Peter Retsos: Investigation of the Piles Creek Embankment Collapse
An embankment at Piles Creek failed during heavy rain in June 2007. Five deaths occurred when a vehicle then drove into the void created by the collapse. The subsequent investigation of the collapse was undertaken by Connell Wagner in a collegial manner with expert representatives from the RTA and Gosford City Council. In this presentation, Peter will discuss the methods used during the field investigations and the advantages and disadvantages of undertaking a collegial investigation. He will also reflect on the benefits and skills gained from examining a failure of this nature.

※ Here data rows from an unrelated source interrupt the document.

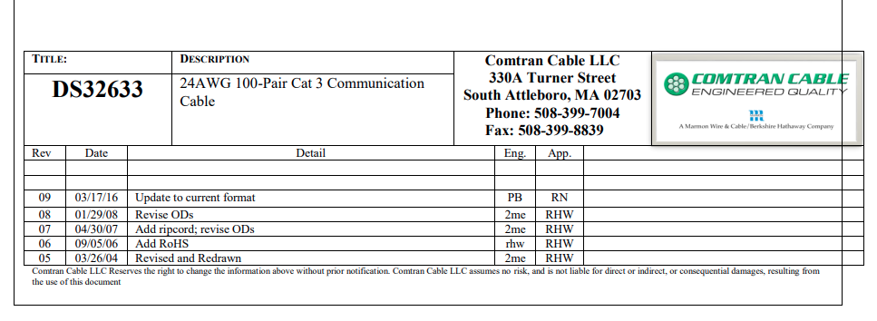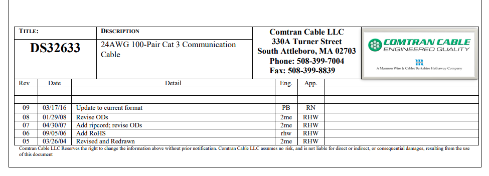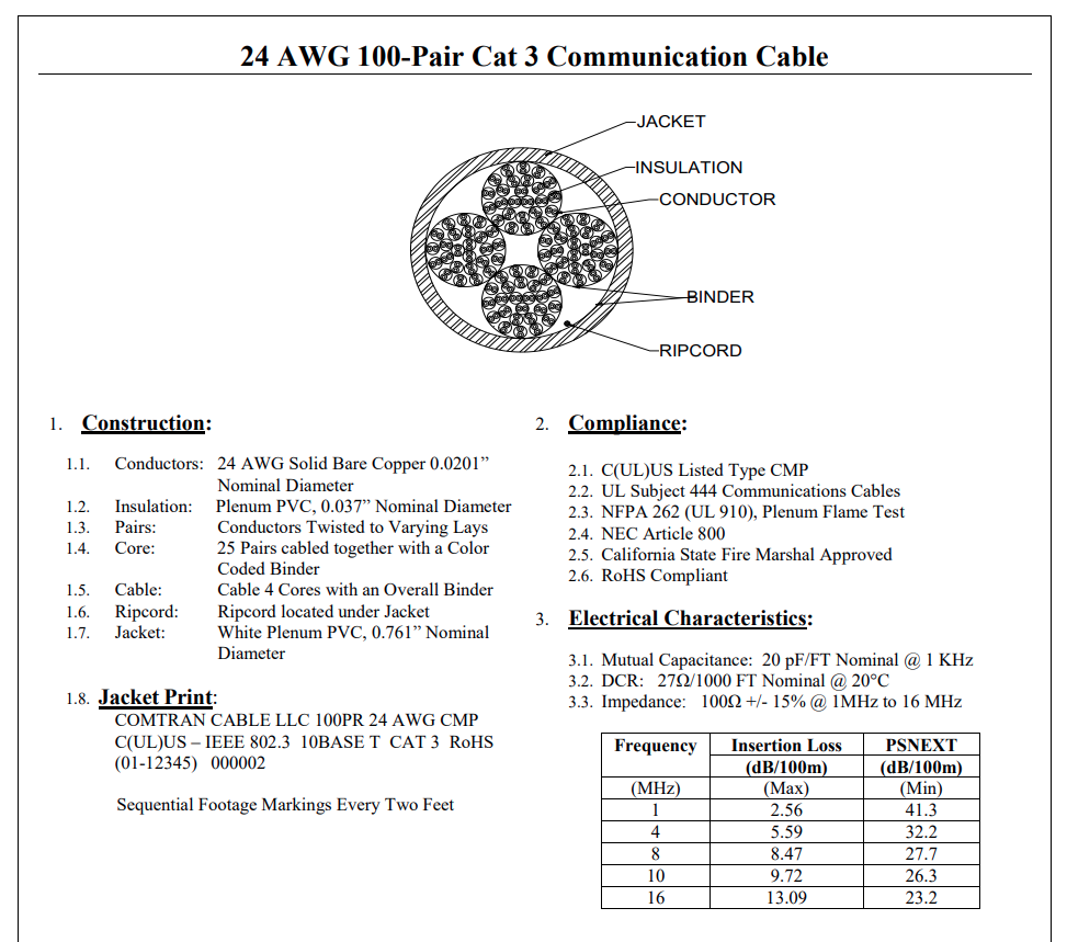 Comtran 32633 Category 3 White Plenum 1000 Ft. Box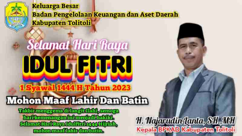 Kepala BPKAD Tolitoli : Selamat Hari Raya Idulfitri 1 Syawal 1444 H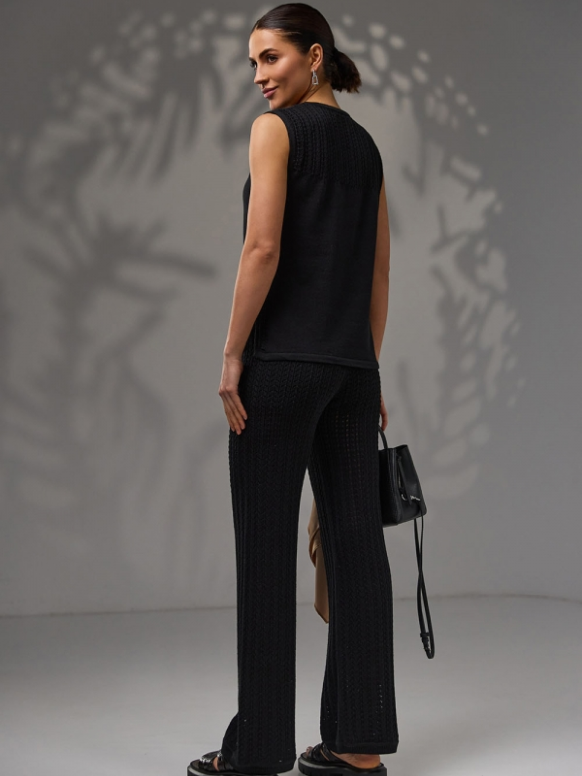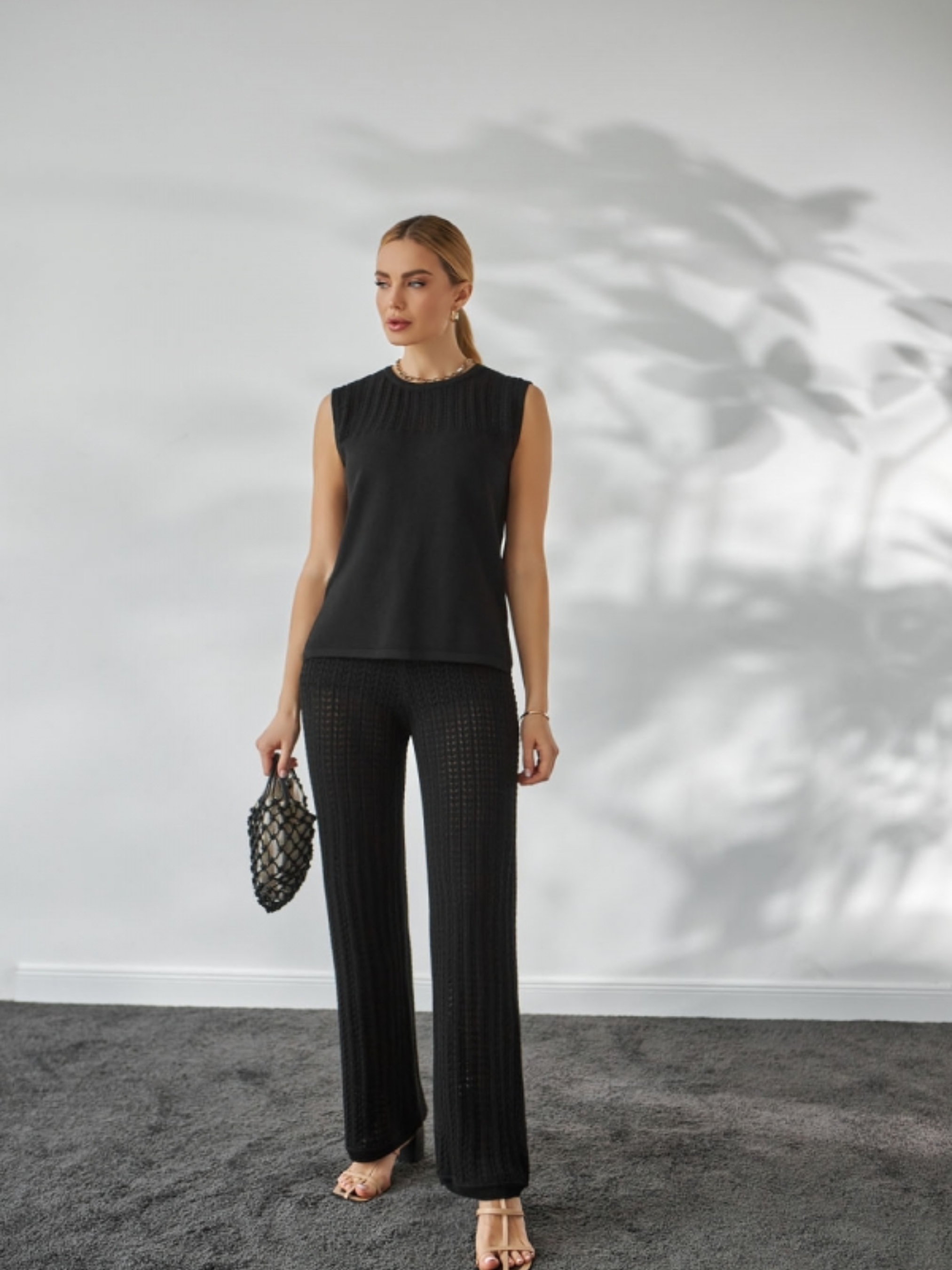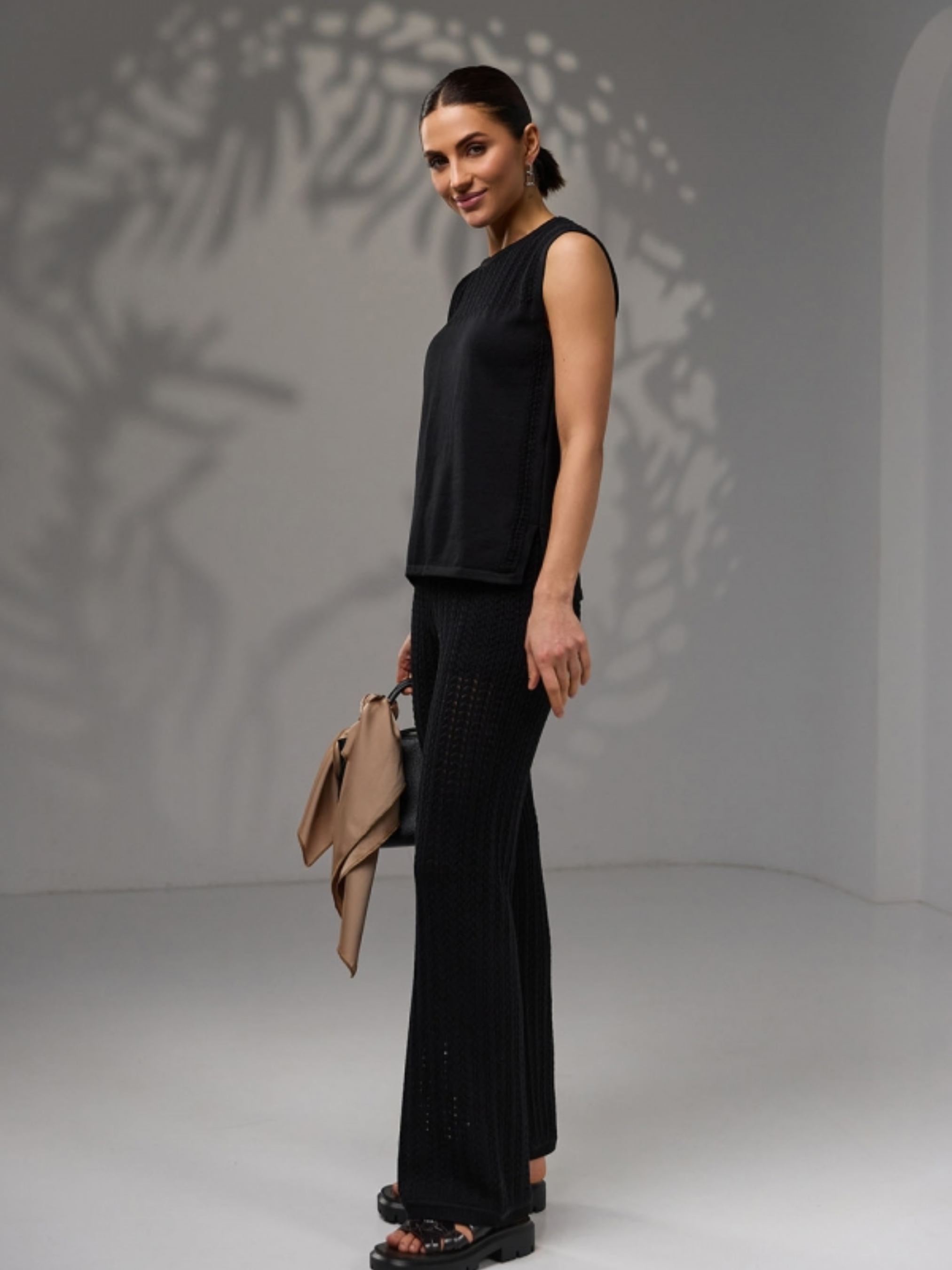 Ці ажурні штани — ідеальний вибір для літа. Виготовлені з натуральної пряжі з додаванням бавовни та віскози, вони дарують приємне відчуття на шкірі, забезпечують повітропроникність і комфорт навіть у спеку. Стильне фактурне переплетення візуально подовжує ноги та вигідно підкреслює фігуру. Модель оснащена м’яким еластичним поясом і трикотажними шортами-підкладкою, які додають впевненості та зручності у щоденному носінні. Штани чудово пасують до топів, футболок або легких сорочок, створюючи жіночний і витончений літній образ. Розміри: Довжина по боковому шву: близько 105 см (+- 2 см) Довжина крокового шва: 74–76 см Ширина у талії (в спокійному стані): 24–26 см У розтягнутому стані: 33–35 см Ширина у стегнах: 44–52 см Ширина штанини по низу: 25–27 см

Kathryn Pike: Jointing and Dyke Structures in Top Ryde, Sydney
The ongoing construction of the Top Ryde Shopping Centre involves excavation to depths varying between 10m and 25m below ground surface. Preliminary investigations identified an igneous dyke in the northern corner of the site and high angle joints. These features have been progressively revealed during the excavation process. Kathryn will present the results of mapping, analysis and interpretation of the geological and structural features encountered. The study of such features will allow engineers to make improved predictions of areas of rock affected by dyke structures and their associated jointing.
Ted Tse: Ground Improvement for Rail Embankment Construction on Soft Ground
A 4.3km railway line is proposed as part of the development of the Coal Export Terminal 3 on Kooragang Island, Newcastle. The proposal involves the construction of embankments up to 10m high, to be formed over soft ground, water ponds, coal washery rejects and slag bunded emplacement cells. Investigation and testing for the site included two stages of field investigation, laboratory tests and a full scale trial embankment. Ted will present the challenges encountered in the design of the rail embankment, including the investigation and selection of various ground improvement options.
David Oliveira: Modelling of Infilled Rock Discontinuities
One of the most challenging tasks when designing structures on or within a rock mass is the modelling of the mechanical behaviour of the rock. This is typically due to the rock mass comprising interlocking discrete blocks and the varying conditions of the rock joint surfaces. Among these contact surfaces, infilled rock joints are likely to be the weakest planes. David will present a review of studies involving the shear behaviour of infilled rock joints and some of the most recent advances in modelling. A new semiempirical yielding criterion for infilled rock discontinuities will be discussed.